GCT – Giant Cell Tumor – 3 Months Post-Op
Today marks 3 months post op on my tumor. Random musings follow.
- I found some GCT support groups on Facebook, but I’m somewhat loathe to recommend them. Just as when I found support groups for SIBO (another condition I have), I worry that the their memberships are skewed toward more complicated/difficult situations. This only makes sense, as people who are experiencing protracted complications are far more apt to seek out support communities then are those who’ve had a relatively trouble free experience. Reading frustrating story after frustrating story can be frightening and, frankly, a bit demoralizing. I think it’s important to remember whenever joining a group like this that a significant percentage of its population seem to be having a hard time doesn’t necessarily translate into a significant percentage of everyone who has had this condition having a hard time. Some people get a GCT, get surgery, get better, and move on. Success stories don’t often join a support group. They don’t need it. Meanwhile, members of the support group post things like this:Presumably because their experience has been such that, to some degree, their GCT defines them. This is not a criticism – I totally understand. However, personally I’m not interested in letting the negative aspects of my life define it.
- That said, the medical estimates of 20% chance of re-occurrence is a spectre that’s hard to shake, at least for me. I’m undoubtedly going to be anxious prior to every x-ray. It’s hard to not let it invade my thoughts. Even harder when perusing a support group and seeing story after story about re-occurrence. Hence the caveat on joining some groups.

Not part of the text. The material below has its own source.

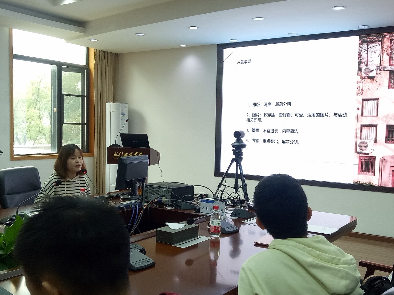 首先,会议主讲人谢雨航以“如何撰写活动推文和新闻稿”为主题进行了经验分享,讲解了如何撰写活动推文和新闻稿以及其中的写作要点和注意事项,介绍了院研究生会经费报销的具体要求和注意事项,分享了自己在做学生工作中遇到的一些状况并提出今后如何有效避免问题的发生。

- I did notice in reading other people’s stories that recovery seems to be all over the board. Some people remained on crutches for 2-3 months after their surgery. Others were getting back to jogging by month 4. Obviously the complexity and intensiveness of the procedure varies from person to person, as does the location of the tumor (though tibia and femur seem extremely, if not most, common). Age and overall fitness level weigh heavily as well. Young folks heal faster and better. Older folks heal faster and better if they’re otherwise healthy and take care of themselves.
- Personally, I’m back to poor, interrupted sleep after about a week of finally getting some decent rest. I don’t know why. It aches more at night, and I find it difficult to get comfortable. I’m back to waking up every hour or two. It’s quite frustrating.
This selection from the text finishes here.